In a great example of a good start, Ann Arbor’s city council passed a resolution earlier this month identifying additional ways to prepare the city’s infrastructure to support plug-in electric vehicles. The resolution calls on city staff to review permit and planning processes, as well as zoning codes, to remove barriers to creating plug-in infrastructure.
The resolution also directs the city’s administrator to consider adding plug-in vehicles to the city’s fleet.
Those measures have been key policy proposals of the Built by Michigan coalition, founded in part by the Ecology Center.
“We’ve long believed that local units of government can make a big difference in putting some momentum behind the electric vehicle industry with some sensible and low-cost policy decisions,” according to Charles Griffith, climate and energy programs director at the Ecology Center. “So we’re glad to see that Ann Arbor has joined some of the other cities in the state--like Auburn Hills, Grand Rapids and Kalamazoo--that have been making progress in this effort.”

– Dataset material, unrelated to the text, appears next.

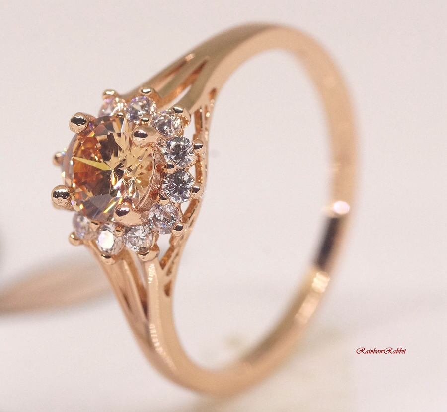 指輪 18K RGP ゴールド ダイヤ CZ オレンジ フラワー リング gu1414e

In a letter supporting the Ann Arbor council’s resolution, Wayne Appleyard, an architect and volunteer chair of the city’s energy commission, cited Michigan’s “Plug-In Readiness Plan,” which the Ecology Center worked on along with the Clean Energy Coalition and other partners across the state.
The Plan includes a toolkit to help municipalities implement best practices and adopt model municipal policies, planning and zoning language.
“Ann Arbor already has a good head start with recent efforts by the Downtown Development Authority to install charging stations in city parking structures,” Griffith said. “Those charging stations have already seen heavy use since their installation last year—a case of if you build it, they will come.”
In one location, plug-in vehicle drivers have actually created a users group and a parking schedule so that multiple drivers can cooperatively charge each day.
“We hope Ann Arbor’s example will encourage other local municipalities to support this industry that has so much promise for Michigan’s environment, Michigan’s economy and Michigan’s workers,” Griffith said. “Let’s hope they’re getting the message in Lansing too. We need support both at the municipal and state level to make sure the whole state is plug-in ready.”